• [EXERCISE DETAILS]: Print everything in the records exactly. Leave the pictures out.

• [DATA TO USE]:
··········
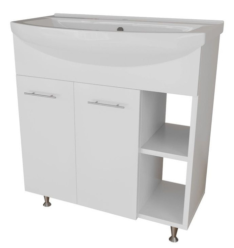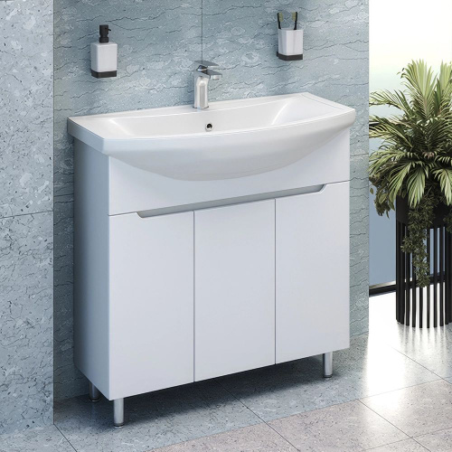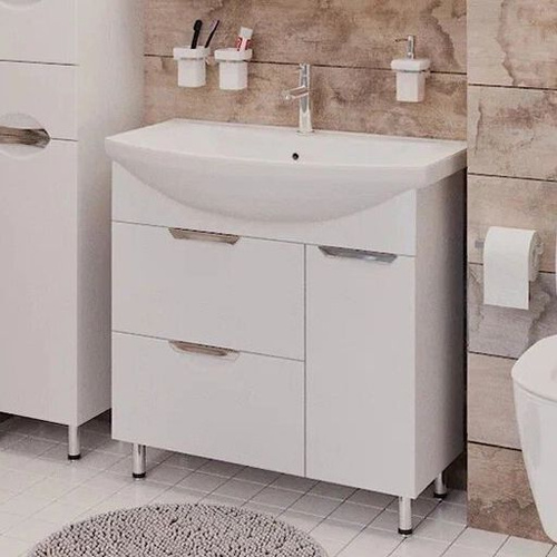 Тумба с раковиной Emmy Милли 80 напольная, 81, 3 см, белая, глянцевая, из МДФ, с ящиками, с дверками, раковина для ванной фарфоровая, полукруглая
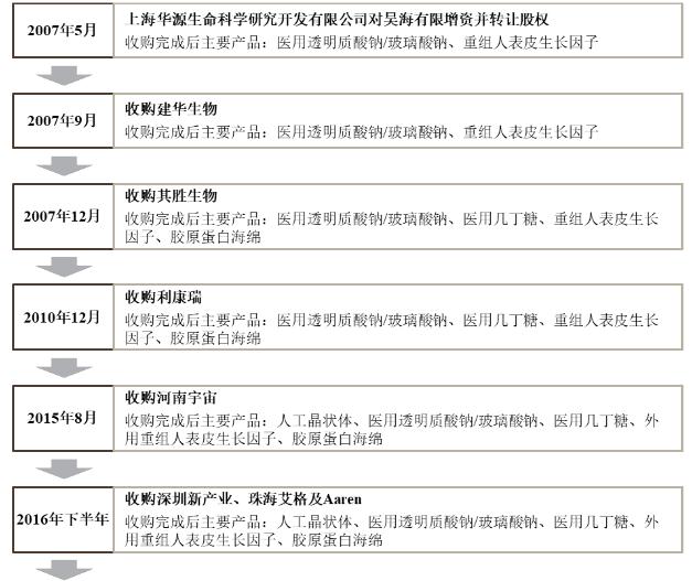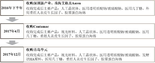 2016年10月,昊海生物花费3058.2万元完成对河南宇宙100%股权的收购;2016年12月,花费7000万元收购珠海艾格100%股权;2016年11月,花费3.6亿元收购Lenstec人工晶状体产品的中国独家经销商深圳新产业60%股权;2017年5月,又花费2.16亿元收购全球最大的独立视光材料生厂商contamac。
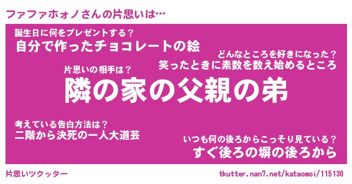 | 2回繰り返すあだ名 | 『ファファ』『フファァ』『ぬれぬれ』 |
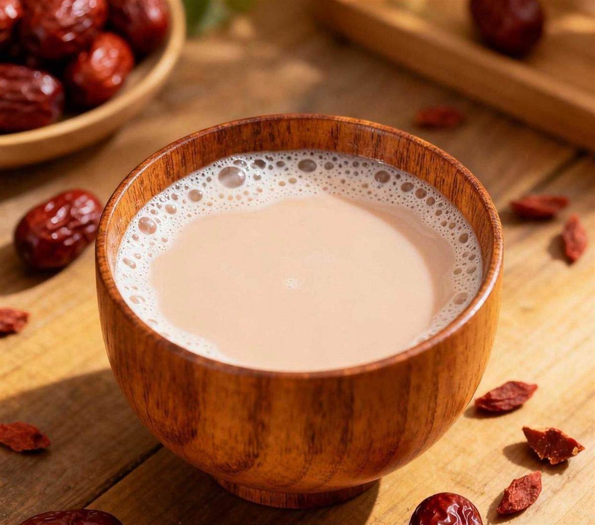 黃豆+紅棗,是補氣血的絕佳組合。黃豆本身含鐵,但這種鐵不太好吸收,紅棗裡的維生素C能把它轉化為易吸收的形式,吸收效率直接翻倍。而且紅棗的天然果糖能中和豆漿的澀味,比加白糖健康多了。按3:1的比例,搭配5顆左右幹紅棗,蜜棗可不行。
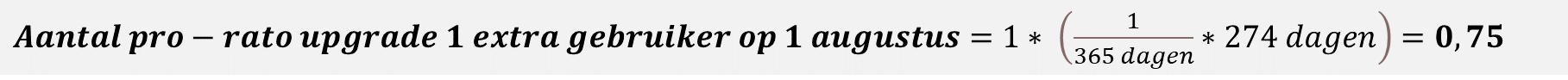 Deze aanpassing wordt gedeeltelijk gefactureerd. Uitgangspunten zijn het aantal dagen in de laatst gefactureerde periode (in dit geval 365 dagen, periode 01-05-22 t/m 30-04-23) en het aantal dagen resterend tot de volgende factuurperiode (in dit geval 273 dagen, periode 01-08-2022 t/m 30-04-2023). In dit geval is het aantal in de abonnementsregel 1 (1 extra gebruiker). Wanneer we deze in bovenstaande formule invoeren dan wordt het aantal 0,75.
··········
• [EXERCISE RESPONSE]:
 Тумба с раковиной Emmy Милли 80 напольная, 81, 3 см, белая, глянцевая, из МДФ, с ящиками, с дверками, раковина для ванной фарфоровая, полукруглая
 2016年10月,昊海生物花费3058.2万元完成对河南宇宙100%股权的收购;2016年12月,花费7000万元收购珠海艾格100%股权;2016年11月,花费3.6亿元收购Lenstec人工晶状体产品的中国独家经销商深圳新产业60%股权;2017年5月,又花费2.16亿元收购全球最大的独立视光材料生厂商contamac。
 | 2回繰り返すあだ名 | 『ファファ』『フファァ』『ぬれぬれ』 |
 黃豆+紅棗,是補氣血的絕佳組合。黃豆本身含鐵,但這種鐵不太好吸收,紅棗裡的維生素C能把它轉化為易吸收的形式,吸收效率直接翻倍。而且紅棗的天然果糖能中和豆漿的澀味,比加白糖健康多了。按3:1的比例,搭配5顆左右幹紅棗,蜜棗可不行。
 Deze aanpassing wordt gedeeltelijk gefactureerd. Uitgangspunten zijn het aantal dagen in de laatst gefactureerde periode (in dit geval 365 dagen, periode 01-05-22 t/m 30-04-23) en het aantal dagen resterend tot de volgende factuurperiode (in dit geval 273 dagen, periode 01-08-2022 t/m 30-04-2023). In dit geval is het aantal in de abonnementsregel 1 (1 extra gebruiker). Wanneer we deze in bovenstaande formule invoeren dan wordt het aantal 0,75.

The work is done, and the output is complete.